The high court later extended that standard to public figures, which include celebrities and others who have achieved “pervasive fame or notoriety.”

Kopelousos exchanged emails with a legislative assistant for state Sen. Jennifer Bradley, a Fleming Island Republican, about a proposal challenging those standards.

“Can you replace with this version of the bill with the attached language ... our attorneys worked on additional language ... thank you,” Kopelousos wrote in one email sent Jan. 2.

The draft bill proposes considering “a failure to validate or corroborate the alleged defamatory statement” as evidence of actual malice in defamation cases, a lower standard than “reckless disregard” for the truth.

It revises the definition of a “public figure” to exclude people whose notoriety arises solely from defending themselves publicly against accusations; granting an interview on a specific topic; public employment other than elected or appointment by an elected official; or a video, image or statement uploaded on the internet that has reached a broad audience.

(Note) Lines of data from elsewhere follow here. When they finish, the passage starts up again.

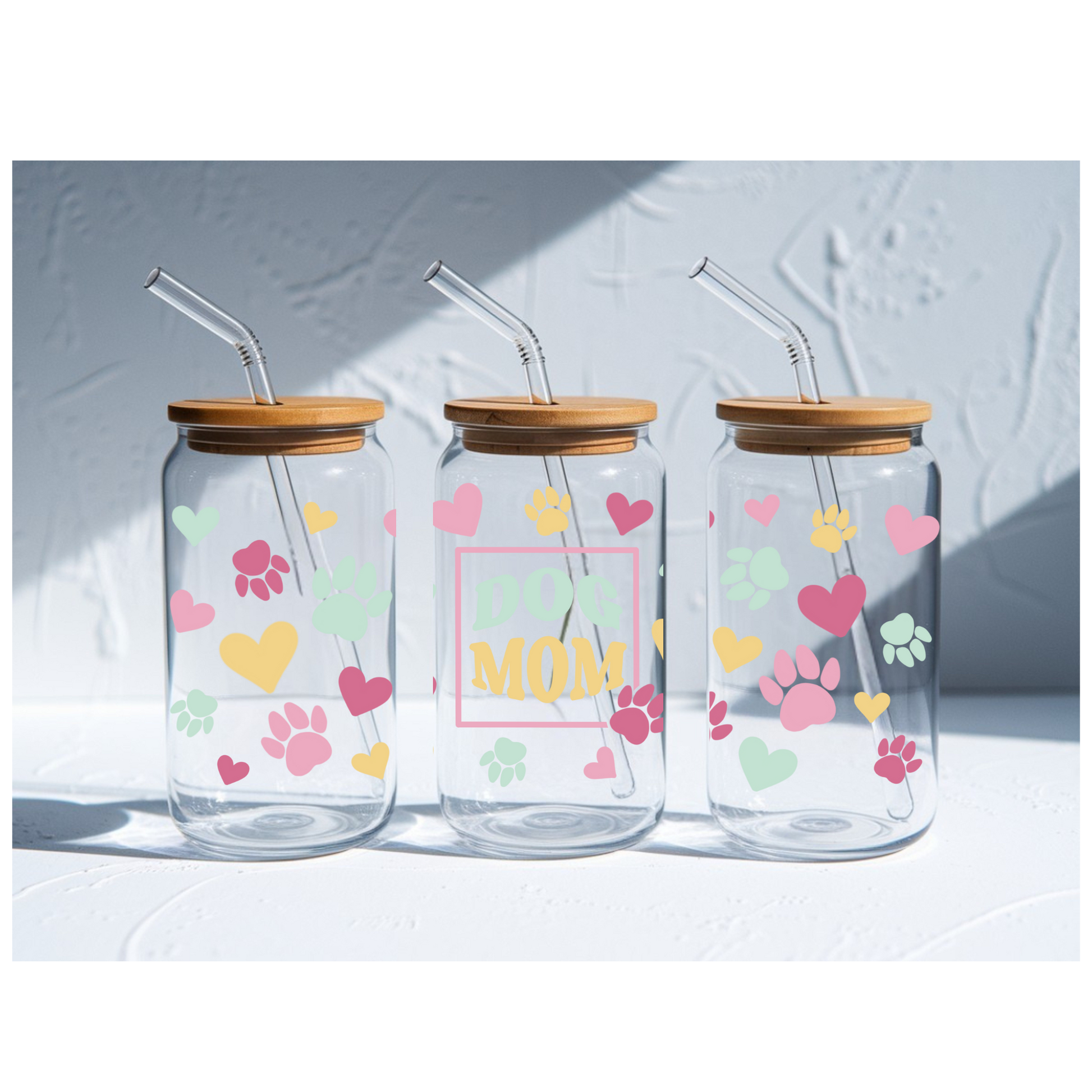 Looking for a unique way to enjoy your favorite cold drink our 16oz glass can cup with bamboo lid and glass straw is a dog mom's must have!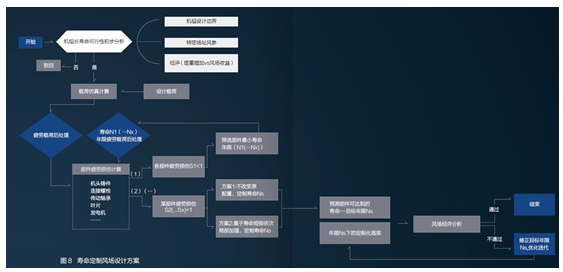 新建风场寿命定制过程是依据风电场实际边界条件,对拟安装机组进行特定场址载荷分析,并结合机组的设计载荷和各部件的疲劳设计裕度获得各部件在风场条件下的原始寿命,进而得到风场寿命的初步评估结果。另外,也可对某些部件进行局部加强以延长整机寿命,并针对不改变原机组配置下的寿命和部件局部加强后的新寿命进行经济性分析,最终选取最优的风场寿命定制方案。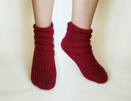 Вот так очень просто и быстро можно связать удобные носочки спицами на осень и зиму.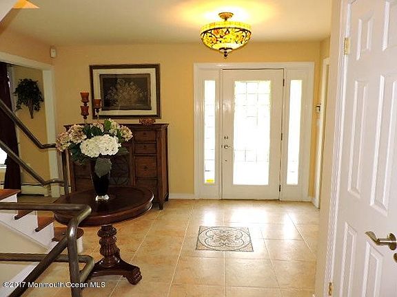 Beautiful, open and airy home. Stunning enlarged kitchen w/Cherry Custom Cabinetry featuring lighted cabinets, drawers for pots and pans, pop up shelf and more. Quartz counters.Large center island. Wine Refrigerator. Garbage disposal. Large Dinette. Replaced windows are all Anderson and Pella. Most rooms freshly painted. Gas Fireplace in FR. Family room open to living room. Tiled foyer, DR, kitchen and dinette. HW through remainder of home.Dining room open to Kitchen.Spacious Master Suite w/WIC. New main bathroom. Master bath and powder room updated.Full finished basement w/full bath. Built in sofas and wall unit w/wet bar. Office and storage area. Recessed lights throughout. Large Laundry room. Oversized deck w/Hot Tub. Fenced yard. 1 year old Timberline roof. Natural Gas for cooktop only.

The briefing document calls the Times ruling “a dramatic departure from the original understanding of the Free Speech Clause of the First Amendment to the U.S. Constitution.”


“These changes to defamation law have resulted in a no-holds-barred media environment where defamatory statements are ubiquitous but accountability for those statements is not,” reads the summary, which does not list an author.

Pamela Marsh, executive director of Florida’s First Amendment Foundation, said she only recently became aware of the proposal.

“In my opinion, this proposal would have established a standard of ‘negligence’ in libel cases that would be in stark contrast with the U.S. Supreme Court’s 1964 ruling in New York Times v. Sullivan,” she wrote in an email. “That case has been the ‘law of the land’ for decades.”

Legislating that new standard would set up a constitutional challenge to the Times decision, Marsh wrote. Two U.S. Supreme Court justices — Clarence Thomas and Neil M. Gorsuch ― have called for reconsidering it.

The case arose from an advertisement raising funds for the civil rights movement that appeared in The New York Times. The ad included some factual errors, and an Alabama city commissioner sued under the state’s libel law.

In an unanimous decision, justices reasoned that “debate on public issues should be uninhibited, robust, and wide-open,” even if it includes occasional mistakes and erroneous statements.